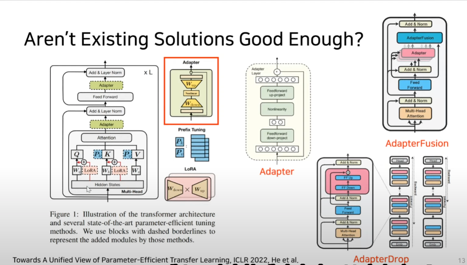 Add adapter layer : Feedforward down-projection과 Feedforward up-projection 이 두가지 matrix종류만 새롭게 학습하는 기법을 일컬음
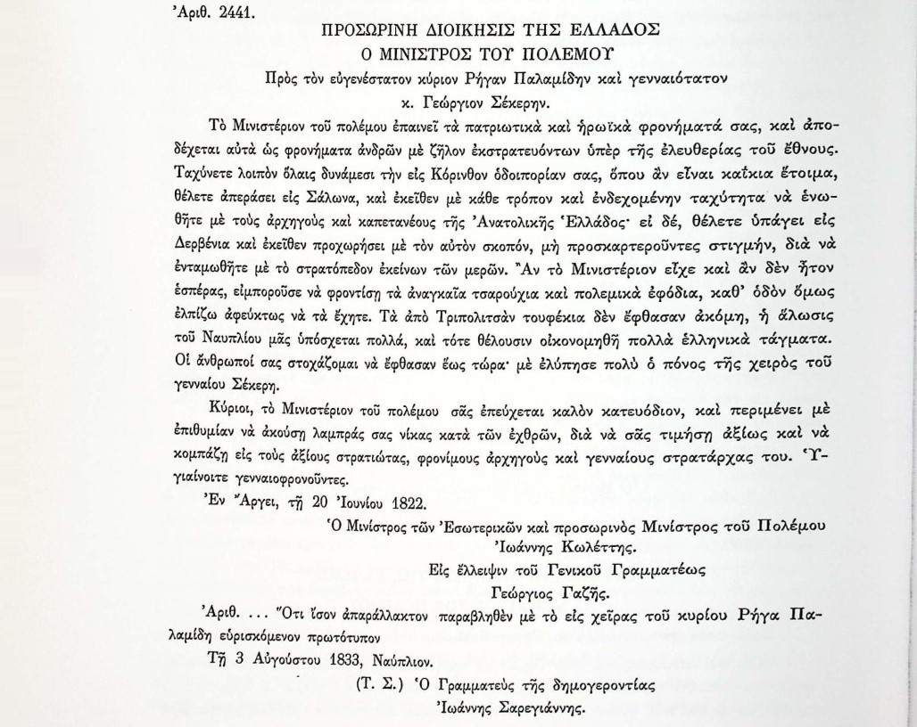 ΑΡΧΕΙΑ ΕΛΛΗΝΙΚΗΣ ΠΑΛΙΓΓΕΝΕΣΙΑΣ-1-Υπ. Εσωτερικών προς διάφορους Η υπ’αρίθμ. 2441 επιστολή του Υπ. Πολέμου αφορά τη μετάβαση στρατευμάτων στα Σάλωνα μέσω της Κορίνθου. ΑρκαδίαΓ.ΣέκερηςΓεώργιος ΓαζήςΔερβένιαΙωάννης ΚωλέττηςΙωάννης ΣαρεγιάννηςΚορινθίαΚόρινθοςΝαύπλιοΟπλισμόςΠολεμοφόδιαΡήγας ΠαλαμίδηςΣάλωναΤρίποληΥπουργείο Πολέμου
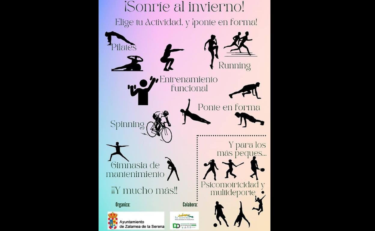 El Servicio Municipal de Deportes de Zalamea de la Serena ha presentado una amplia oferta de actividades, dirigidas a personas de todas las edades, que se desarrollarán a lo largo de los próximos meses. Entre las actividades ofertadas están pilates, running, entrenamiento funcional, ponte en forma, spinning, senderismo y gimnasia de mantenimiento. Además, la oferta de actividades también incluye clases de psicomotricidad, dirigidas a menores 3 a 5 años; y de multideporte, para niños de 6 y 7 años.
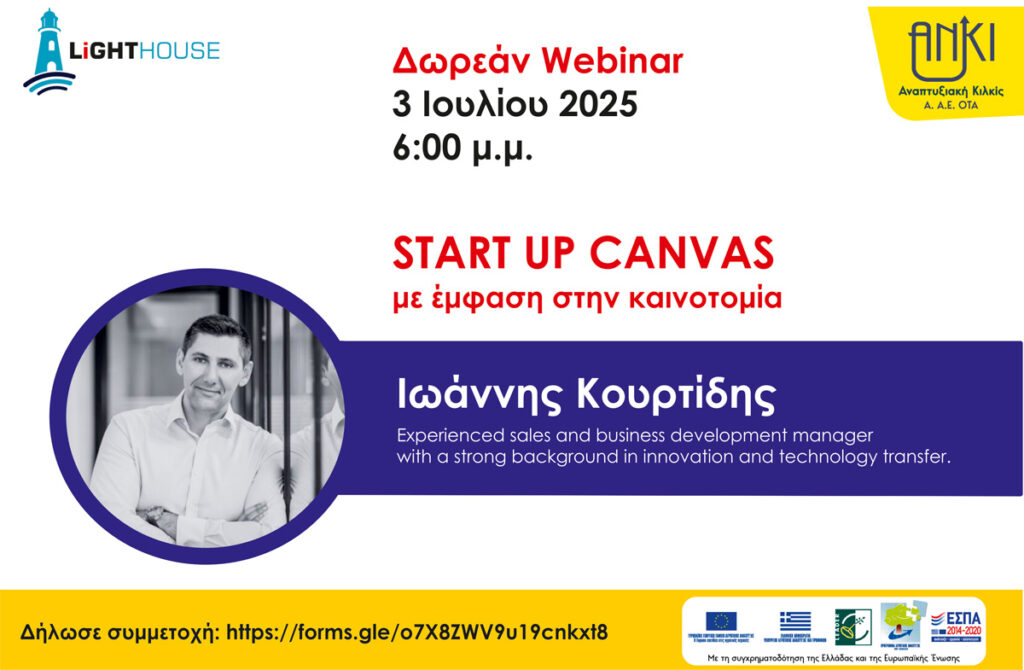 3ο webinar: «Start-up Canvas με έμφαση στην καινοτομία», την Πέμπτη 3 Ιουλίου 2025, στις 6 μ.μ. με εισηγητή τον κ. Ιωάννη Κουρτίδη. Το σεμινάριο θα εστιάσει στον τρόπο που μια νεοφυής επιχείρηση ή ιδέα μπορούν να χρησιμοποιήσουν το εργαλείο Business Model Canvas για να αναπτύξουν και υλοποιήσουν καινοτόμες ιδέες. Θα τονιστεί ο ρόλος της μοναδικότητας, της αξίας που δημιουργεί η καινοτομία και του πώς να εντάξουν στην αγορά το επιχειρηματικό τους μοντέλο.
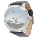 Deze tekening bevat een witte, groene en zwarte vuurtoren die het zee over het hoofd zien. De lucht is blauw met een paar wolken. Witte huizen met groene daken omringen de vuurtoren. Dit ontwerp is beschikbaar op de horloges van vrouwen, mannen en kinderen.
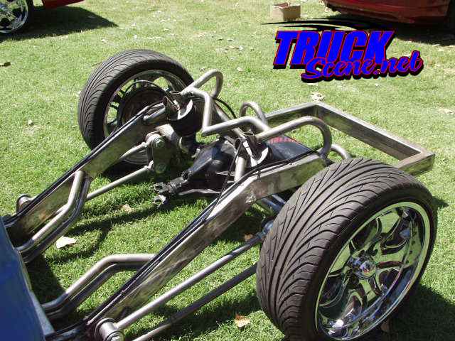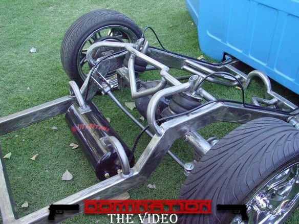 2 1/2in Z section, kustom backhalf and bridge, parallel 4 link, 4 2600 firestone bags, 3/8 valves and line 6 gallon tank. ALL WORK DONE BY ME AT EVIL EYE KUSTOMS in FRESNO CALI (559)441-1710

**Task directions**
Leaving the pictures out, give again word for word each line from the one holding "Deze tekening bevat" through the end of the records.

**Exercise response**
 Deze tekening bevat een witte, groene en zwarte vuurtoren die het zee over het hoofd zien. De lucht is blauw met een paar wolken. Witte huizen met groene daken omringen de vuurtoren. Dit ontwerp is beschikbaar op de horloges van vrouwen, mannen en kinderen.
 2 1/2in Z section, kustom backhalf and bridge, parallel 4 link, 4 2600 firestone bags, 3/8 valves and line 6 gallon tank. ALL WORK DONE BY ME AT EVIL EYE KUSTOMS in FRESNO CALI (559)441-1710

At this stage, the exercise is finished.